- [Data section]:
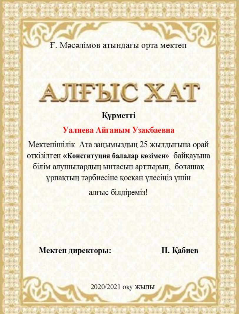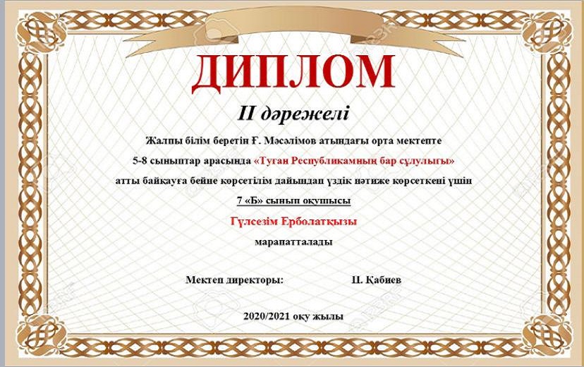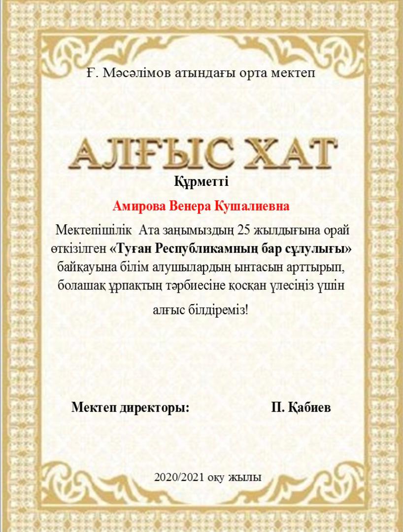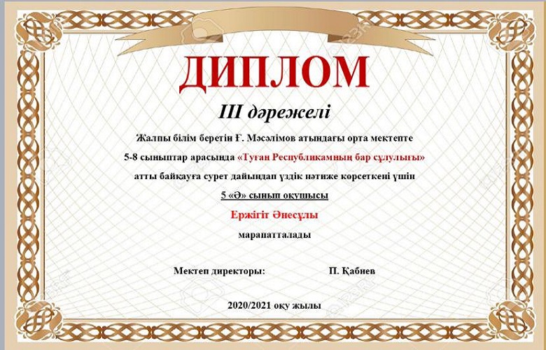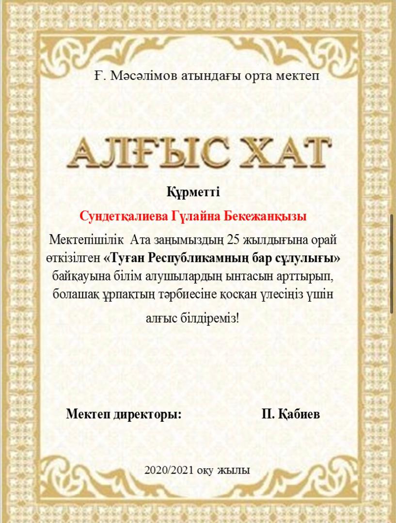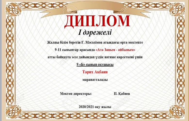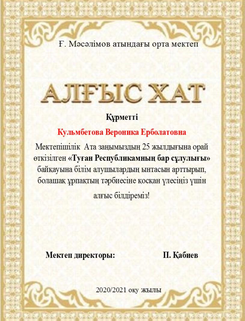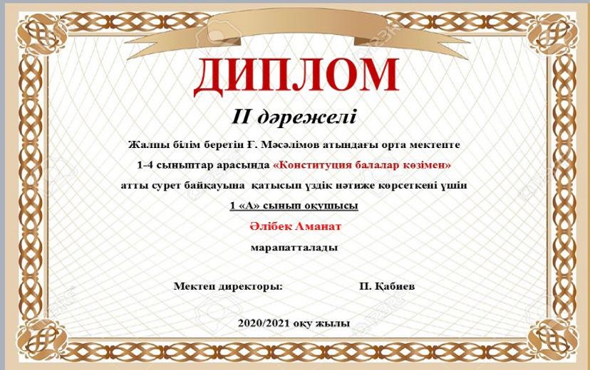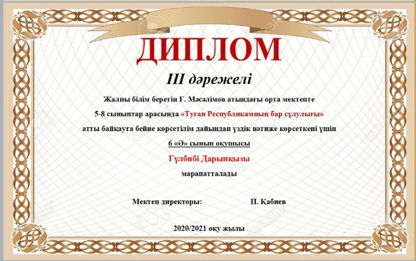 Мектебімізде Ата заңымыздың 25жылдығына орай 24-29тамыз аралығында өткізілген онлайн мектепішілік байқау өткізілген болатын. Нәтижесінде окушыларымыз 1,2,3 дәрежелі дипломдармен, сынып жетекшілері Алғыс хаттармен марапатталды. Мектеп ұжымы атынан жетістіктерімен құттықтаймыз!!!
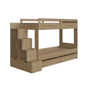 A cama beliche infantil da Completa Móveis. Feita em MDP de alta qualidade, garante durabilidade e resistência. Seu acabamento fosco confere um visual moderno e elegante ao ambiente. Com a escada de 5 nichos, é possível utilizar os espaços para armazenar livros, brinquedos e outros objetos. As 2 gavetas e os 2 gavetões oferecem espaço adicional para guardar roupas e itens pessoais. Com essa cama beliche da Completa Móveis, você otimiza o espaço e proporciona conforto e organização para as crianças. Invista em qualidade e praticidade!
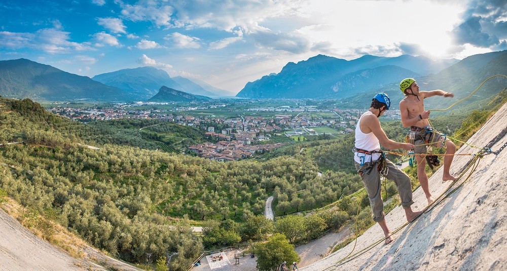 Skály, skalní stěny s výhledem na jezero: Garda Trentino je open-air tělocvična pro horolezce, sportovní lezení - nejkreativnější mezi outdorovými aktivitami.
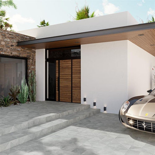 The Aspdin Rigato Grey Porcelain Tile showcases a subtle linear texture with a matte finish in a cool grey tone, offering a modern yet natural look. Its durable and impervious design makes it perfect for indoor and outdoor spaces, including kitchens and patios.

- [Prompt]: Return the listing above unaltered, omitting its pictures.

- [Written response]:
 Мектебімізде Ата заңымыздың 25жылдығына орай 24-29тамыз аралығында өткізілген онлайн мектепішілік байқау өткізілген болатын. Нәтижесінде окушыларымыз 1,2,3 дәрежелі дипломдармен, сынып жетекшілері Алғыс хаттармен марапатталды. Мектеп ұжымы атынан жетістіктерімен құттықтаймыз!!!
 A cama beliche infantil da Completa Móveis. Feita em MDP de alta qualidade, garante durabilidade e resistência. Seu acabamento fosco confere um visual moderno e elegante ao ambiente. Com a escada de 5 nichos, é possível utilizar os espaços para armazenar livros, brinquedos e outros objetos. As 2 gavetas e os 2 gavetões oferecem espaço adicional para guardar roupas e itens pessoais. Com essa cama beliche da Completa Móveis, você otimiza o espaço e proporciona conforto e organização para as crianças. Invista em qualidade e praticidade!
 Skály, skalní stěny s výhledem na jezero: Garda Trentino je open-air tělocvična pro horolezce, sportovní lezení - nejkreativnější mezi outdorovými aktivitami.
 The Aspdin Rigato Grey Porcelain Tile showcases a subtle linear texture with a matte finish in a cool grey tone, offering a modern yet natural look. Its durable and impervious design makes it perfect for indoor and outdoor spaces, including kitchens and patios.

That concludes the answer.